Prof. Dr. Nana Supriatna: Pendekatan PBM Sejarah Tidak Lagi Progres Melainkan Bisa Regres.
Guru Sejarah tidak hanya dituntut sadar teknologi
informasi tetapi juga harus mampu menjalankan PBM yang merdeka.
Abdullah Taruna
Revolusi Industri berbasis teknologi informasi generasi
4.0., telah menghadapkan para guru dengan era disrupsi, era di mana masa depan
dihadirkan pada masa kini. Zaman serba mutakhir itu tentu menuntut adaptasi
para guru sesuai tantangan zamannya. Para pendidik tidak boleh ketinggalan
informasi tentang perkembangan konteks bidang keilmuannya, dan cara berpikir
para muridnya yang dibentuk oleh kecanggihan teknologi informasi.
Selasa 18 Februari 2020, Prodi Pendidikan Sejarah Fakultas
Ilmu Sosial Universitas Negeri Padang (UNP) menyelenggarakan Kuliah Umum
bertema “Profil Guru Sejarah Kekinian”. Guru Besar Universitas Pendidikan
Indonesia (UPI) Prof. Dr. Nana Supriatna, M.Ed., hadir sebagai dosen pemateri
kuliah umum.
Membahas profil guru sejarah ideal pada masa kini tersebut,
Nana Supriatna menyebutkan, profil ideal kekinian itu tidak bisa dilepaskan
dari kemampuan guru sejarah dalam mensiasati kurikulum, mampu berpikir di luar
kotak, dan mampu menggunakan teknologi informasi.

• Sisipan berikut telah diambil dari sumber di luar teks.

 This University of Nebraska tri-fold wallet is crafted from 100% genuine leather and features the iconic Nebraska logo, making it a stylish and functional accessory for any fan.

“Profil Guru Sejarah Kekinian itu: guru merdeka mengajar,
memilih materi dan menggunakan teknolgi informasi. Pendekatan PBM secara
personal dengan tujuan tidak hanya membekali ranah pengetahuan tetapi juga
kretivitas,” kata Nana Supriatna kepada Abdullah Taruna via pesan WhatsApp.

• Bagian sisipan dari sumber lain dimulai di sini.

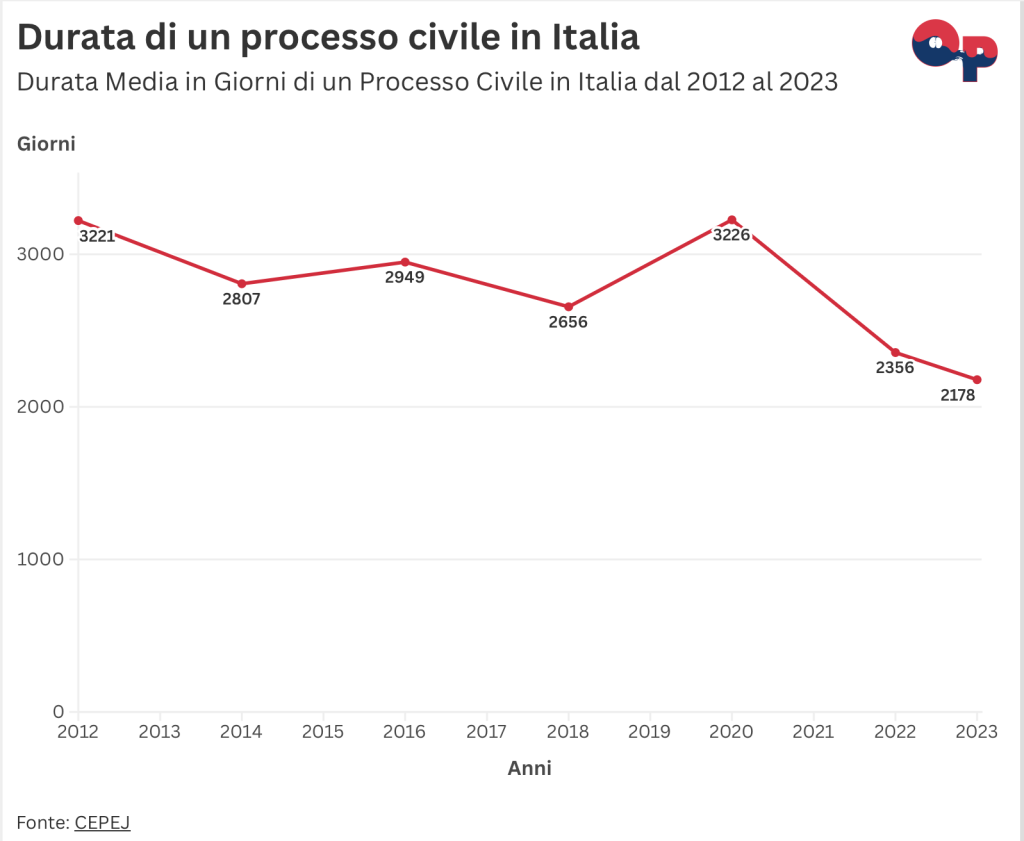Nonostante le problematiche descritte, negli ultimi anni, il sistema giudiziario italiano ha registrato alcuni miglioramenti, attribuibili a specifiche riforme e agli investimenti previsti dal Piano Nazionale di Ripresa e Resilienza (PNRR). Il PNRR ha destinato al settore Giustizia risorse pari a 2.700 milioni di euro, con l’obiettivo di ridurre la durata dei procedimenti e allineare l’Italia alla media dell’Unione Europea in termini di efficienza giudiziaria. Le misure previste mirano a un cambiamento strutturale del sistema giudiziario italiano, specialmente attraverso interventi di digitalizzazione e modernizzazione, con l’obiettivo di migliorare la qualità delle decisioni e ridurre significativamente i tempi di attesa per cittadini e imprese.

Profil guru dengan profil tersebut, lanjut Nana Supriyatna,
menyaratkan perubahan mind set oleh guru dari sebagai penyampai materi menjadi
fasilitator dan bahkan mitra belajar siswa.

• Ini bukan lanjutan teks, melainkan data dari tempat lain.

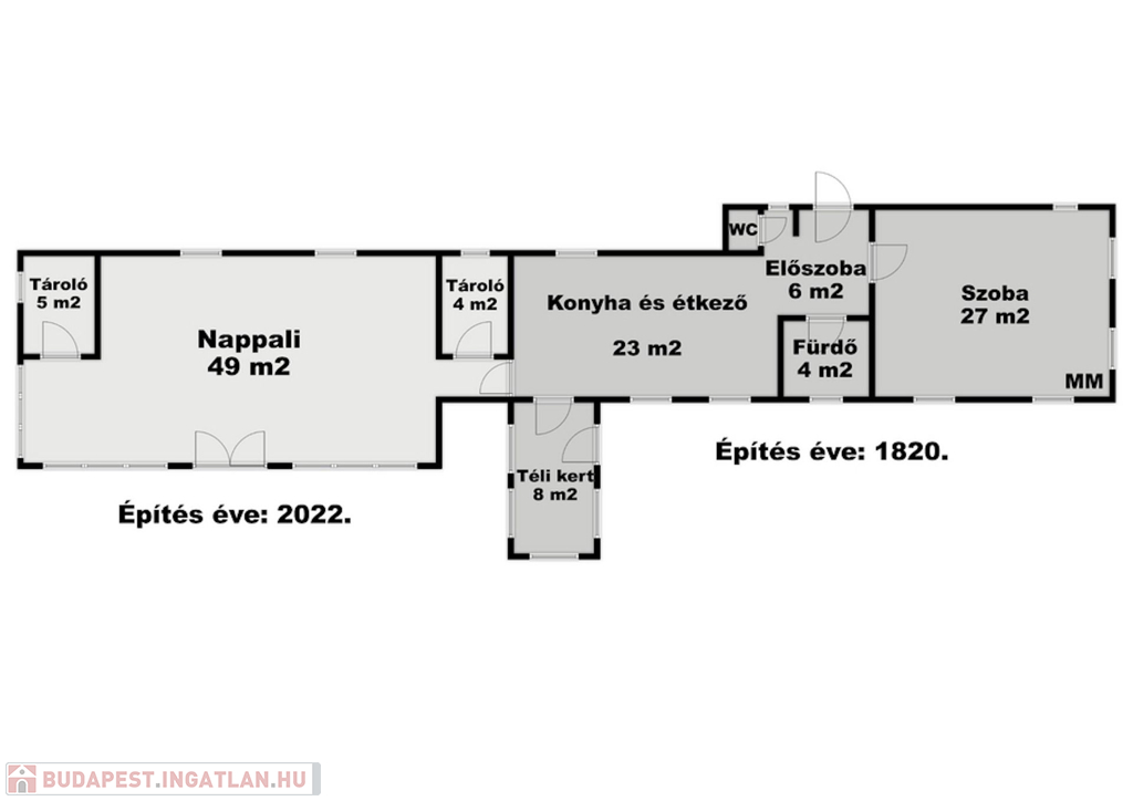 A 69 m2-es eredeti rész tömésfallal készült, mely kellemes klímát biztosít télen, nyáron.

“PBM didekatkan dengan dunia nyata siswa sehingga lebih
kontekstual dan bermakna untuk kehidupan kekinian mereka, ” kata Nana
menjelaskan.
Pendekatan PBM yang sifatnya teknis, kata Nana Supritatna,
diubah menjadi personal dan disesuaikan dengan karakteristik siswa.
Dengan mendekatkan metode Proses Belajar Mengajar Sejarah
dengan konteks kehidupan nyata peserta didik, lanjut Nana Supriatna, maka dalam
PBM Sejarah yang selama ini berisi kisah tentang masa lalu dapat dihubungkan
dengan persoalan kontemporer.
“Apakah pendekatan tersebut berarti guru sejarah tidak hanya
belajar masa lampau tapi juga harus update persoalan-persoakan
kontekstual Prof,” tanya penulis kepada Prof Nana Supriatna.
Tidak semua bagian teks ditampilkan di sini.